McCain's lead in Jefferson, Towery said, was in part an expression of the county's Republican lean. Forty percent of Jefferson County voters identify as Republicans, with just 28 percent calling themselves Democrats.
But even in spite of this identification edge, and the county's Republican voting history, Obama is competitive there thanks to strong support among independents, who favor him by a 48-30 percent margin.
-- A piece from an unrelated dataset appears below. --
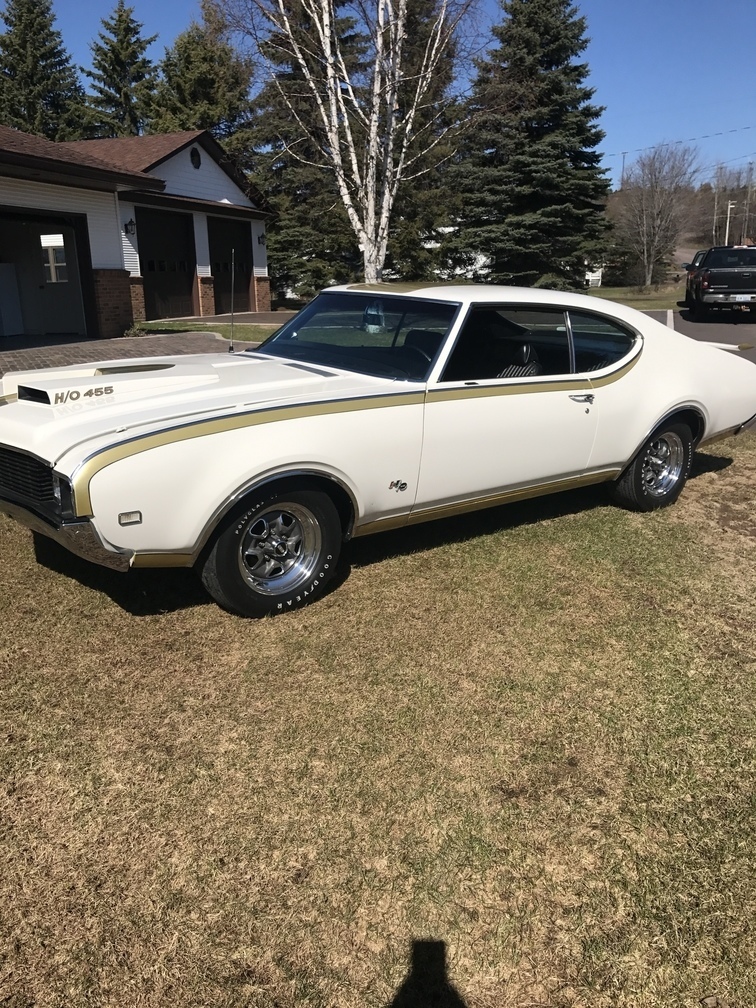 For Sale 1969 Hurst Olds 14,000 miles ,original tires , shocks,plug wires ect.. 75 percent original paint.Purchased from the original owner in December 2015.No a/c .All parts original to the car.Zero mods ever.Every number matches on all parts. All paper work from day one. excellent condition.Call 9063371025 cell 9063373928 shop email [email protected] thanks John $86500.00 will text pictures or email

Among the bellwether counties surveyed, there is still some promise for McCain. While Obama is leading or tied in these places, his strength is based on support among groups that would typically vote Republican - and who might be easier for McCain to take back. In theory, McCain should have an easier time winning over male voters or white independents than women voters or Hispanics.
"If somehow John McCain should pull something off that turns things around," Towery said, or if the markets find steadier footing, "then there is the possibility that McCain's numbers could start to tick up."
For now, though, this snapshot of four of the country's most competitive counties shows Obama peeling off voters who once made these areas reliably Republican in presidential elections and exploiting political and demographic trends that were already sending these counties in his direction.
The Politico/InsiderAdvantage telephone surveys in Jefferson County and Hillsborough County were conducted Oct. 12. The Hillsborough survey included 638 likely voters, with a margin of error of plus or minus 3.8 percent.The Jefferson survey included 408 likely voters, with a margin of error of plus or minus 5 percent.
The Politico/InsiderAdvantage telephone surveys in Wake County and Washoe County were conducted Oct. 9. The Wake survey included 646 likely voters, with a margin of error of plus or minus 3.7 percent. The Washoe survey included 586 likely voters, with a margin of error of plus or minus 4 percent.